Ela consegue ser o respiro e o sufocamento em uma mesma sequência ou em mais de uma. Talvez, a atriz seja o ponto alto da obra. Ainda assim, existem mais dois elementos que chamam a atenção de uma forma positiva dentro do longa. A primeira que se pode apontar é a forma como o espaço do Rio de Janeiro é ressignificado para contar uma história policial.

O Silêncio da Chuva

Escolhendo locações  que ficam no centro do Rio, vê-se um lado pesado, urbano e de tons soturnos da cidade. A direção de Daniel Filho (A Partilha) eleva essa potencialidade, justamente nestes planos gerais de prédios e construções mais sóbrias, sendo aqui o segundo destaque apontável. O olhar de Filho nesta adaptação colabora com a ambientação policial.

Todavia, a seleção de planos e movimentações falha em uma determinada parte do filme. Uma das questões mais debatidas em relação ao cinema é a utilização de cenas de estupro no audiovisual. Além do “tê-las ou não”, o como as rodar é um foco de atenção nestes debates. Em O Silêncio da Chuva duas saídas seriam realizáveis.

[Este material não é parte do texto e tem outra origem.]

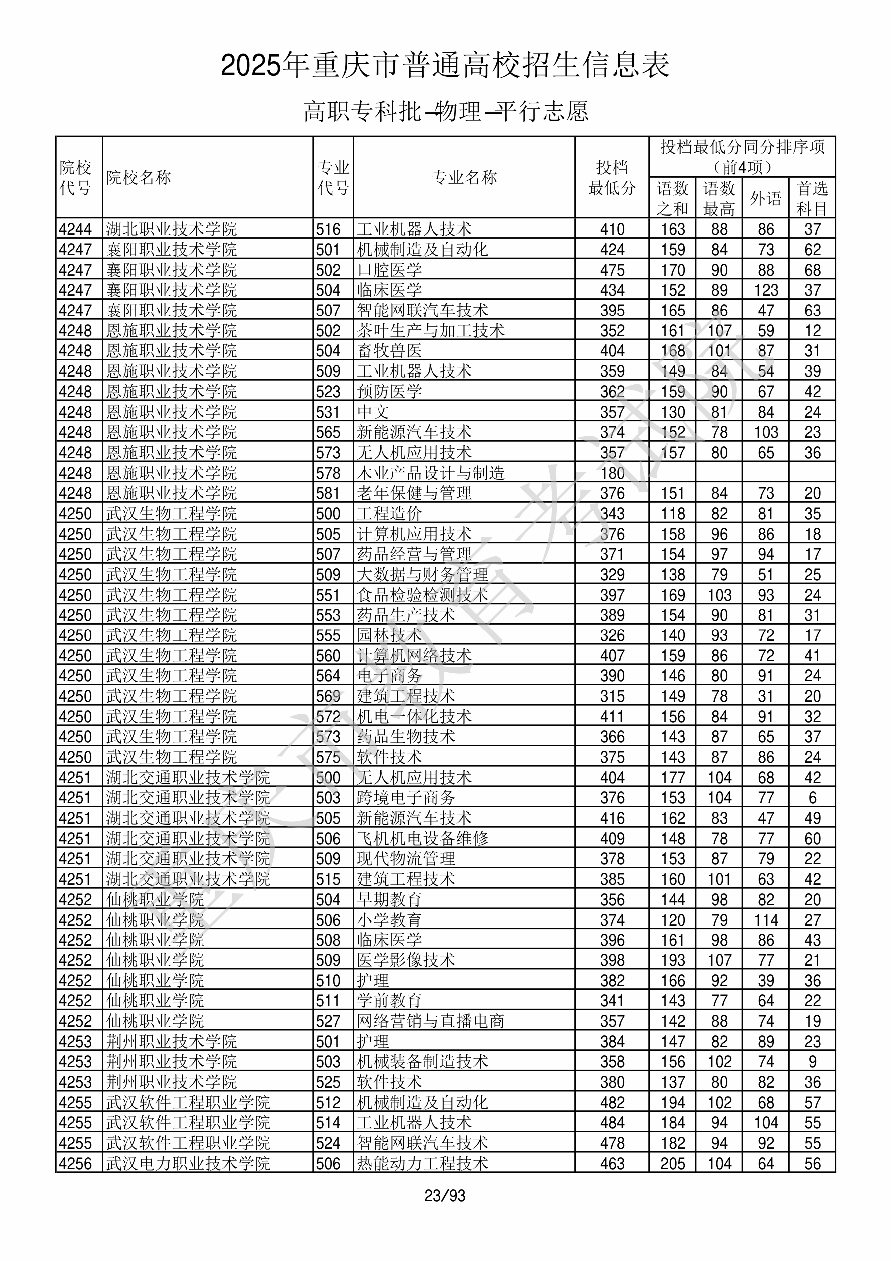 2025年重庆高考普通类高职(专科)批 武汉生物工程学院 的 大数据与财务管理 专业录取分数溯源信息
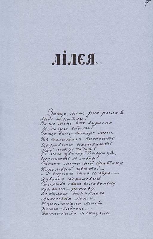 «Більша книжка» Тараса Шевченка. С. 37 – початок поезії «Лілея»
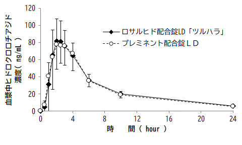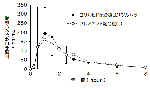 〈ロサルヒド配合錠HD「ツルハラ」〉ロサルヒド配合錠HD「ツルハラ」は、ロサルヒド配合錠LD「ツルハラ」を標準製剤としたとき、溶出挙動が等しく、生物学的に同等とみなされた18)。
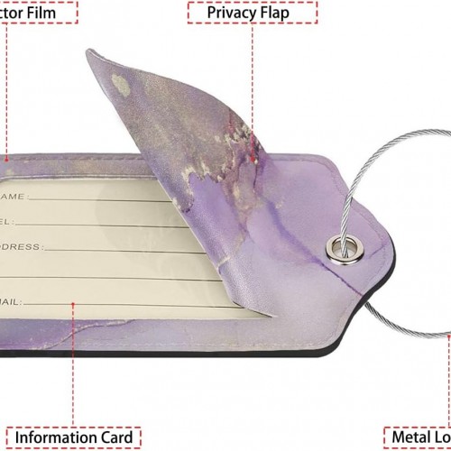 Light Purple Marble Luggage Tag Personalized Luggage Tags for Suitcases,Leather Bag Tags for Backpacks Handbag with Name ID Label Travel Essentials Baggage Tags 2 Pack
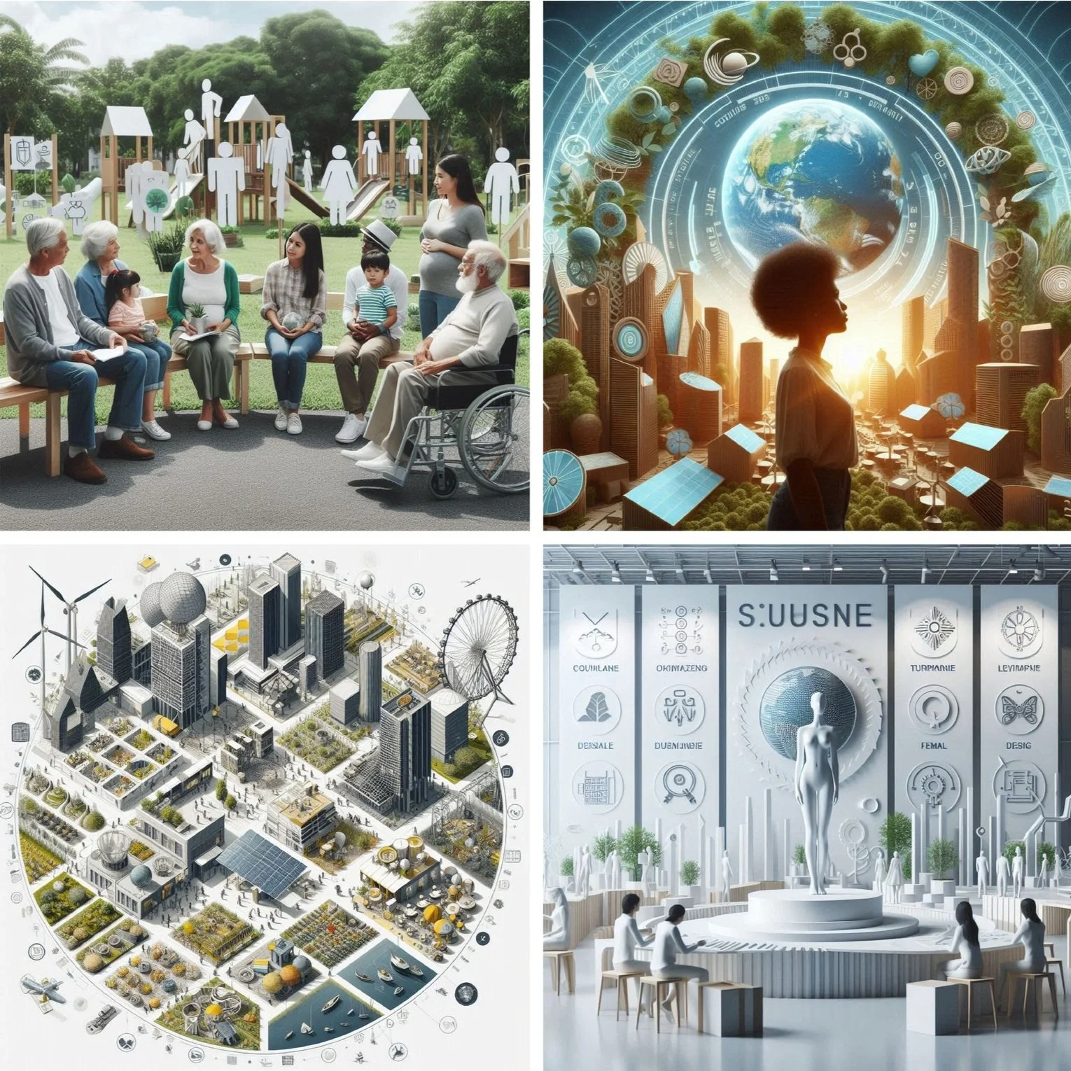 Eine ähnliche Herangehensweise führte auch mit dem Tool Microsoft Designer zu interessanten Darstellungen von „sustainable human oriented design“.

Uma: mudar a forma como Aurélio é derrotado ou criar uma decupagem que deixasse esta sequência menos explícita e violenta, principalmente a primeira parte dela.

O encontro de soluções para reduzir este trato do corpo e da figura da mulher violentada no audiovisual cabe aos realizadores. Assim, esta conclusão é difícil de acompanhar, pois a brutalidade do ocorrido ganha destaque nos enquadramentos e movimentações. Todavia, a queda qualitativa não é exclusividade desta cena. D

evido a outros problemas, obviamente, existem problemas durante a sessão. Um deles é a iluminação. É bem verdade que há uma vontade de colocar no ecrã um Rio de Janeiro distinto do que se está acostumado a ver. Esta estratégia é louvável. No entanto, a forma com a luz é utilizada compromete a fruição das ações ou reduz o impacto dos acontecimentos ali mostrados.

Além disso, existe um desnível rítmico. Ainda que a atuação de Thalita consiga empurrar e direcionar as velocidades durante a projeção, melhorando o desenvolvimento da narrativa, algumas voltas dentro do enredo provocam uma sensação de tédio. Quem está assistindo já compreendeu boa parte da situação colocada no longa e fica ansiando por ver as situações se encaminharem, porém sequências semelhantes causam um deja vu que tem, como consequência, um tédio e uma dispersão.

Desta maneira, no geral, O Silêncio da Chuva possui um resultado quase médio. Contendo instantes bem elaborados de suspense, ação e até comédia, ele vale ser visto, ainda que com momentos intragáveis ou um pouco tediosos.

Direção: Daniel Filho

Elenco: Lázaro Ramos, Thalita Carauta, Cláudia Abreu.